Все единодушно поддержали боярина, хваля смелые действия Ильи. Сабуров через силу привстал на одно колено, поднял кубок и выпил половину, протягивая оставшееся Илье. Тот взял и сделал один большой глоток. Запах хмельного сильно ударил в нос. Хлебная водка не пошла, как прежде. Илья через силу сделал еще пару глотков, но хмельное упорно не хотело идти во внутрь, мало того, выпитое упорно стремилось наружу. Просветов сдержал порыв и поставил недопитый кубок на ковер.
– Не гоже так, Илья. Не по русскому обычаю это. – Произнес Сабуров. – Прошу допить.

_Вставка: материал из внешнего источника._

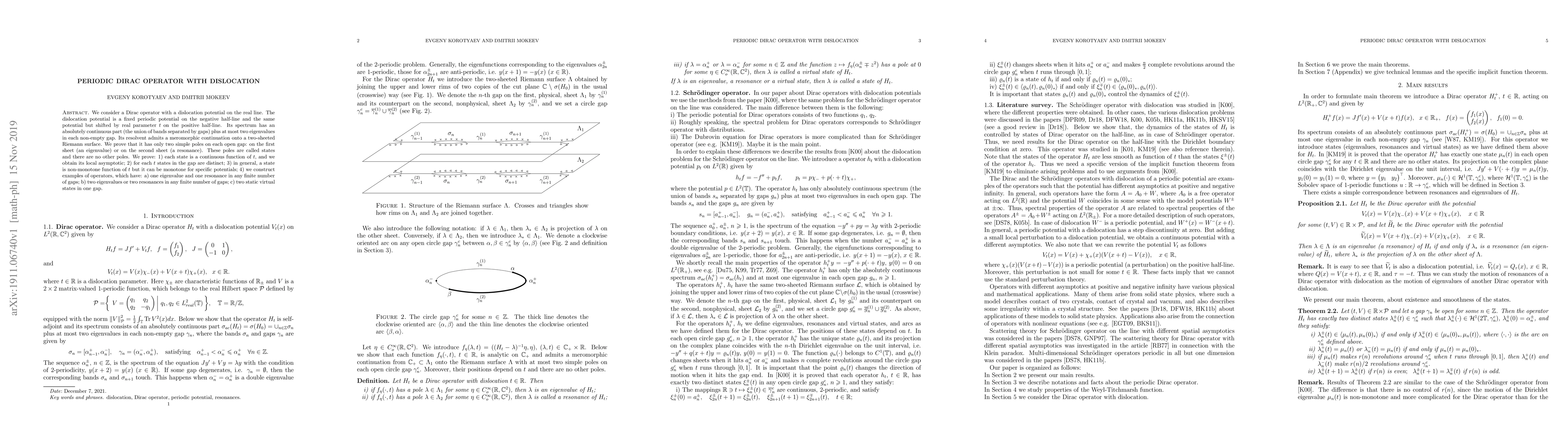 Researchers studied a Dirac operator with dislocation potential, finding that its spectrum has distinct states that behave as continuous functions of the parameter $t$, which can exhibit monotonic behavior in certain cases.

Присутствующие недовольно загудели, вынуждая Илью допить поднятый кубок и не выказывать неуважение. Стараясь сдержать нахлынувший позыв рвоты, Илья все же поднял кубок и через силу влил в себя содержимое.

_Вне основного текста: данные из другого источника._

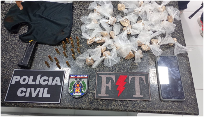 No momento da abordagem, os policiais apreenderam com os suspeitos uma balaclava, um jaquetão, carregadores, munições de arma de fogo e uma quantidade de substância entorpecente do tipo crack.

– Вот теперь молодец, Илюша, – похвалил Сабуров, – а теперь прошу всех наполнить кубки снова.
Убедившись, что все присутствующие выполнили его просьбу, боярин продолжил:
– Я предлагаю выпить за этот знаменательный день, день моего нового рождения и предлагаю не задерживаться здесь. У меня дома ждут накрытые столы, там, в теплоте и уюте достойно отметим мое чудесное избавление от смерти. Приглашаю всех присутствующих.
Все дружно выпили и направились к лошадям, чтобы поскорее почтить своим присутствием гостеприимный дом боярина. Илья, шатаясь, подошел к своему коню. С каждой минутой ему становилось все хуже и хуже. Уперев ногу в стремя, он попытался взобраться на коня. С первой попытки это ему не удалось и, видя, что с хозяином творится неладное, к нему на выручку поспешил верный Волчонок.
– Хозяин, да что с тобой?
– Худо мне Волчонок, – тихо ответил Илья.

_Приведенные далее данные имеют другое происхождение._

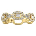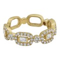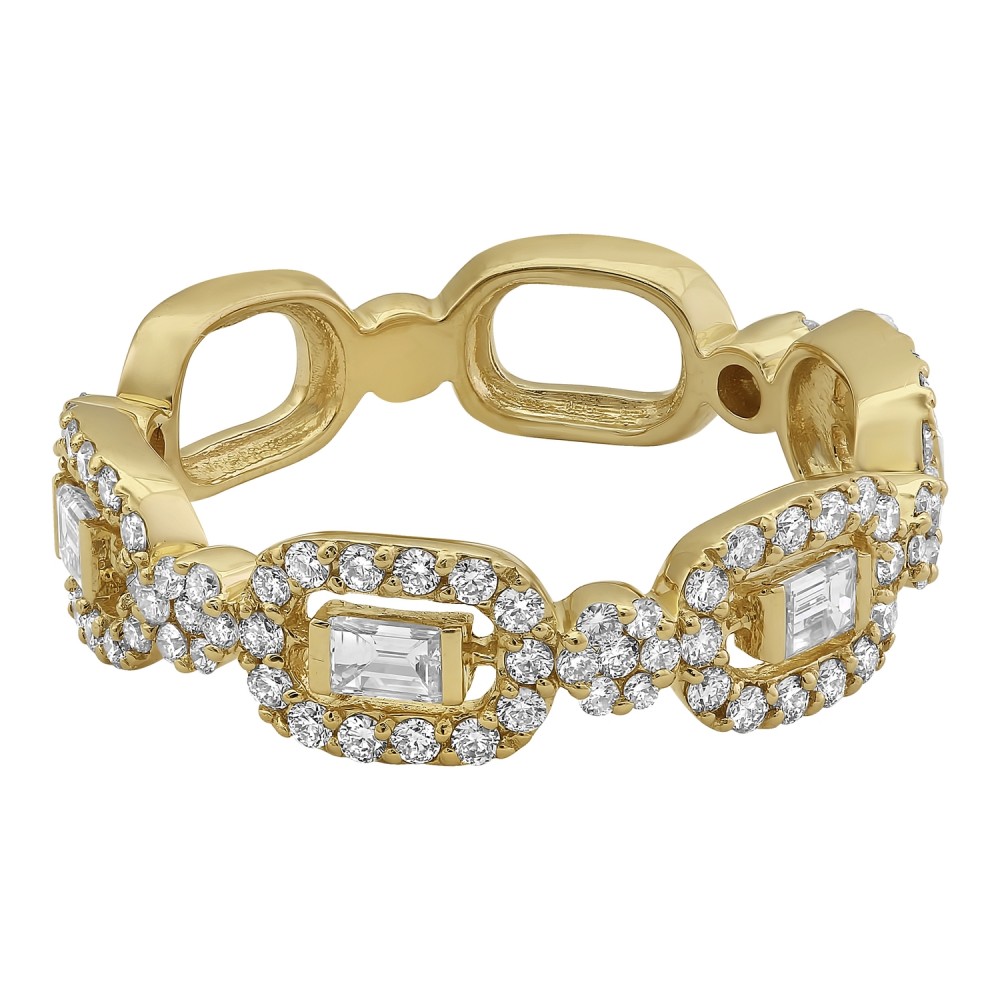 14K yellow gold semi eternity band ring set with 0.90 ct. baguette and round brilliant white diamonds and high polish finish.

– Уж не перебрал ли ты за столом?
– Нет, но внутри меня все горит огнем, помоги мне взобраться на коня, а то голова кружится.
Волчонок подставил плечо и подсадил хозяина. Взгромоздившись на своего аргамака, Илья устремился за кавалькадой, которую возглавляли сани с боярином Сабуровым. Волчонок внимательно следил за Ильей, дивясь его несвойственному поведению. Он старался не отстать от него, готовый в любую минуту придти тому на выручку.
Поначалу крепкий морозный ветер от скачки подействовал на Илью отрезвляюще, но затем, через пару верст, он опять почувствовал дурноту. Голова кружилась и звенела, перед глазами поплыли черные круги, из носа теплыми струйками потекла кровь, и, откинувшись назад, окончательно теряя сознание, Илья упал с коня на землю.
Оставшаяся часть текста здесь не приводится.